Another legal positivist was Hans Kelsen who argued that law is valid if it is accepted
and obeyed by those governed by said laws. He believed in the hierarchy of norms which all
begin from a Basic Norm wherein all other norms must adhere to. The principle of
constitutional supremacy arose from Kelsen. The Constitution, the supreme and fundamental
law of the land is an example of a basic norm wherein all other acts, decrees, and laws must
confrom to.

Lastly for theories of law, we have Legal Realism which defines law as a “body of
dogma and systematized justifications.” And we have American judge, Oliver Wendell Holmes,
Jr., to take credit for it. He is famous for saying, “The life of the law is not logic but
experience.” Simply put, Legal Realism is all about Holmes’ Bad Man Theory otherwise known
as the Prediction Theory. It posits that the law is what the bad man thinks it is. In other words,
laws are instituted to tell people what to do to avoid material consequences.
Finally, let’s talk about the legal theories. There are four of them.

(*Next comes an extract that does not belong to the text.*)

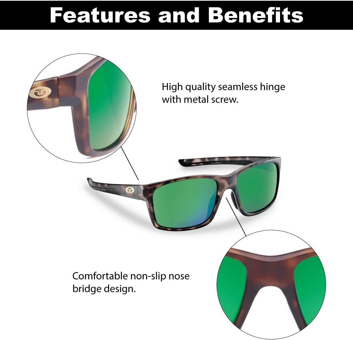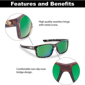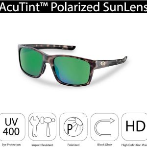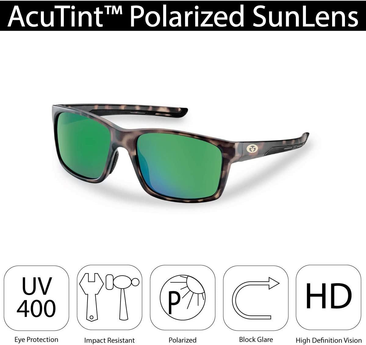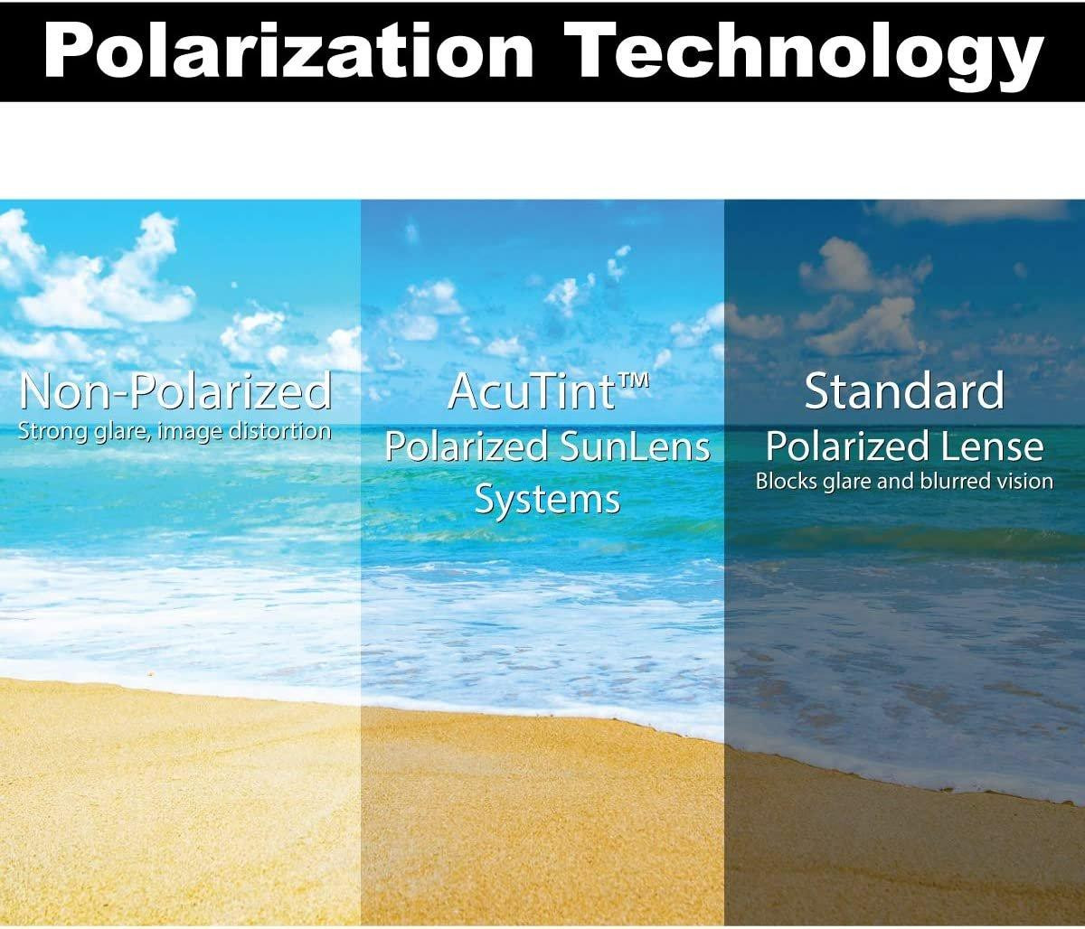 Built for fishing these shades feature a medium fit in a durable light weight frame with built in nose pads, non-slip temple padding that insures comfort and fit. These polarized lenses sharpen optics, reduce eye fatigue, and penetrate waters surface to spot fish and structure. Polarized Triacetate Lenses are Impact and Scratch Resistant, Lightweight and Durable. AcuTint Lens Coloring System Adds Color Contrast Without Distorting Natural Colors. 100% Protection From Harmful UVA and UVB Rays.

Firstly, we have American Legal Realism, which as the name suggests, influenced by
Holmes of the Bad Man Theory. (Remember guys, now we’re talking of how judges decide or
why they think a certain way. These theories provide explanation.) Skepticism is its other name
and this legal theory insists that legal reasoning is not independent from personal, moral, and
political considerations. Thus, judges decides according to how the facts of the case strike them.
Taking this into account, case decisions are rationally indeterminate which is why sometimes,
case decisions are post hoc rationalizations of decisions arising from non-legal considerations.
Thus emplying Legal Realism accuses a judge of judicial activism (as opposed to judicial
restraint) wherein the judges decide not as the law mandates but according to some personal or
political considerations. Famous example of this is the Supreme Court’s decision on Estrada vs.
Arroyo.

Secondly, we have in direct contradiction to American Legal Realism, Legal Formalism


and it is founded by Justice Antonin Scalia who said, “The rule of law is about form.” Legal
formalists argue that legal reasoning must be limited and confined to the very letter of the law.
Thus judges must decide not according to what they think the law should be, but rather on what
the law is.

Thirdly, we have Constructivism/Interpretivism. It is founded by the modern natural


law theorist, Ronald Dworkin. This may sound like American Legal Realism but don’t get
confused. Whereas American Legal Realism provides personal or political justifcaitions which
may not be legal, the Interpretative Approach provides moral and legal justifications which
may be absent from the letter of the law but are understood to be the legal reasons that form the
law. Thus judges decide not as the law mandates but through a moral standard or justice that
made up or formed the norm or law. Dworkin used the famous case of Riggs vs. Palmer which
argues that no one should profit from his wrongdoing, to justify this thoery.

And now last but not the least, we have Critical Legal Studies, which is a very extreme,
negative outlook on the law. Personally, I relate easily to this because it is the common view
held by students of literature who analyze literary works from a Marxist perspective. Basically,
CLS holds that law is inadequate and empty. It believes in legal indeterminacy wherein statutes
and case law cannot determine the outcome of the case. It holds that legal reasoining is Marxist,
influenced by those in power to use the law to their advantage. Proponents of CLS say that true
freedom cannot be achieved in a “legal” regime because the “legality” of the regime is in itself
corrupt. Rights are correlative in so far as every entitlement of right is limited by the competing
rights of others. To put it blunty, law is just politics.

Sounds awfully familiar, doesn’t it, Dead Poets?